■ Your task
In the entries below, begin at the line that has "Büsi Geschwister auf, wie", stop after the line that has "ベッド一台の周りを施術で1周", and output those lines exactly with no pictures.

■ Input data

• • •

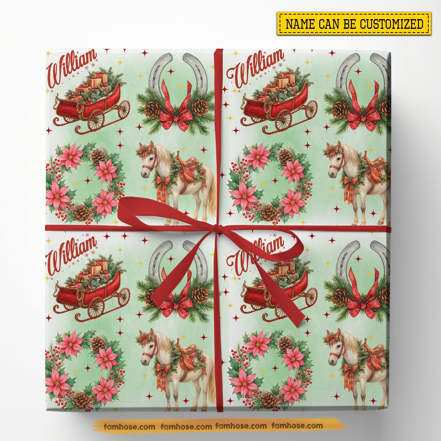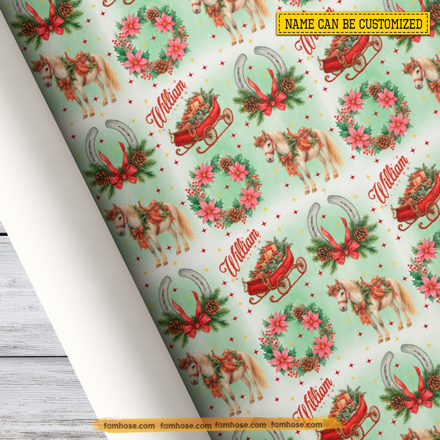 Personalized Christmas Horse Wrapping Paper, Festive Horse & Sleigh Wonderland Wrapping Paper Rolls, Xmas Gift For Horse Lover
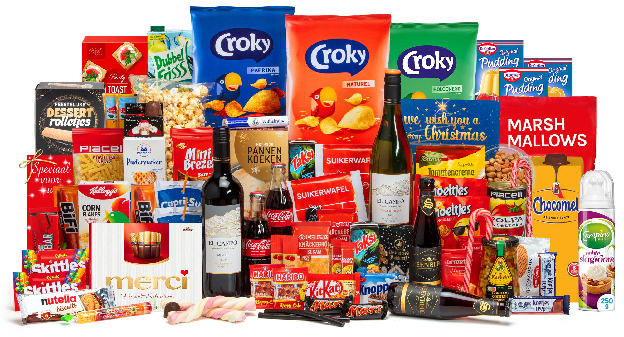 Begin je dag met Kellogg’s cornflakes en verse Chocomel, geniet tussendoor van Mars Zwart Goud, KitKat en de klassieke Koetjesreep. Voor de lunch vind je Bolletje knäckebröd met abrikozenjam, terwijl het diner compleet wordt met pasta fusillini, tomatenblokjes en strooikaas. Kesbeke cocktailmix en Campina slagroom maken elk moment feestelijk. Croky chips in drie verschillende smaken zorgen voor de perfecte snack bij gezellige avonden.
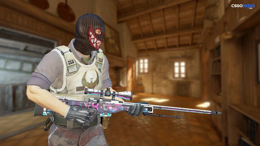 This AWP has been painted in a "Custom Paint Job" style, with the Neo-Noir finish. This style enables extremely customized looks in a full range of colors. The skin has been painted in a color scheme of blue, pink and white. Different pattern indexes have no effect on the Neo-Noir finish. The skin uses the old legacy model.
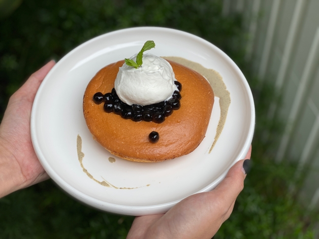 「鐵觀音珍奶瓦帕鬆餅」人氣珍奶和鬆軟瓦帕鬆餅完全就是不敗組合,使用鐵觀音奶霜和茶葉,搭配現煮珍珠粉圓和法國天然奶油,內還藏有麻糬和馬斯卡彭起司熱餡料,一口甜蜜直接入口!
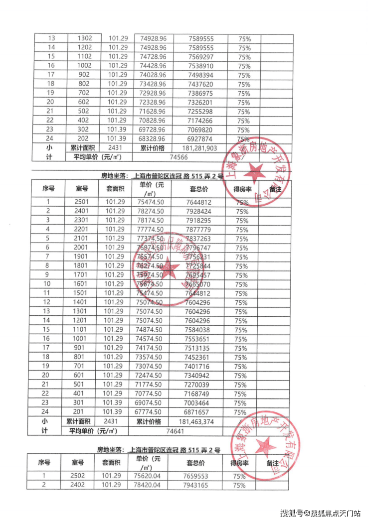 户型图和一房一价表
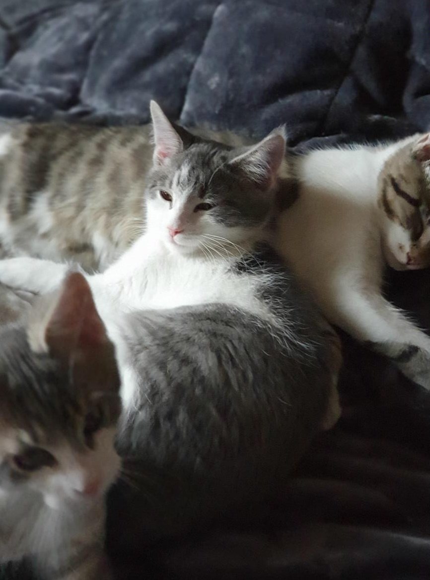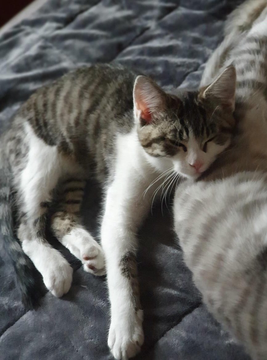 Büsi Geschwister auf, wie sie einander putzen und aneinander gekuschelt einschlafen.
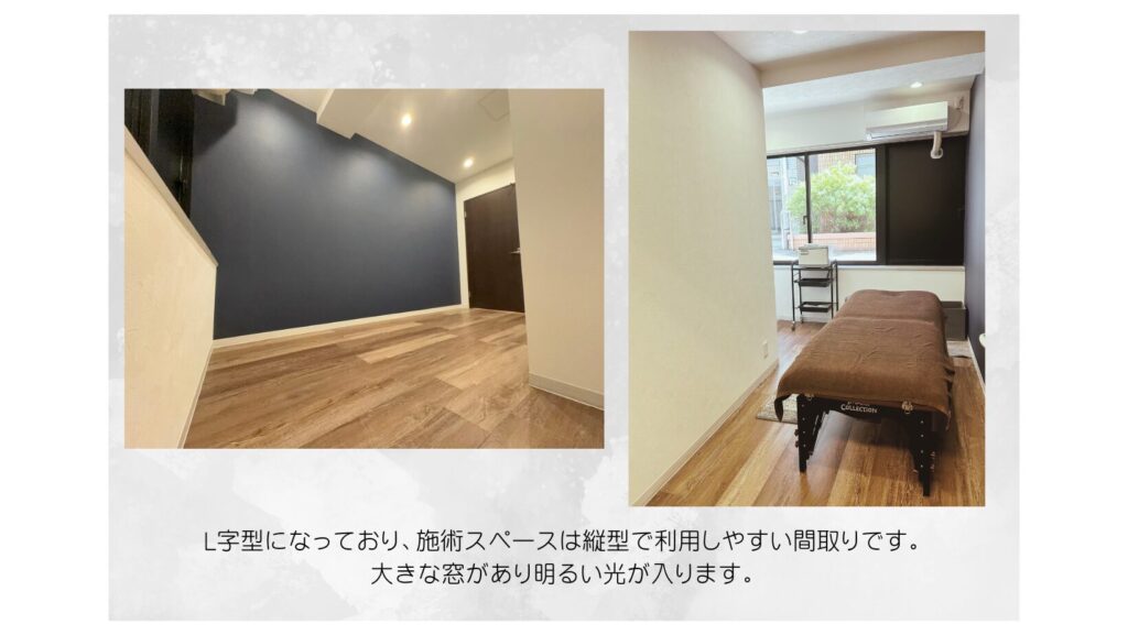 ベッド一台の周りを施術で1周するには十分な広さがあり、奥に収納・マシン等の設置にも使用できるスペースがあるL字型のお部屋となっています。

• • •

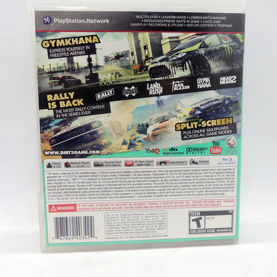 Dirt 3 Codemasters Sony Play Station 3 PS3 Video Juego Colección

• • •

■ Answer area
 Büsi Geschwister auf, wie sie einander putzen und aneinander gekuschelt einschlafen.
 ベッド一台の周りを施術で1周するには十分な広さがあり、奥に収納・マシン等の設置にも使用できるスペースがあるL字型のお部屋となっています。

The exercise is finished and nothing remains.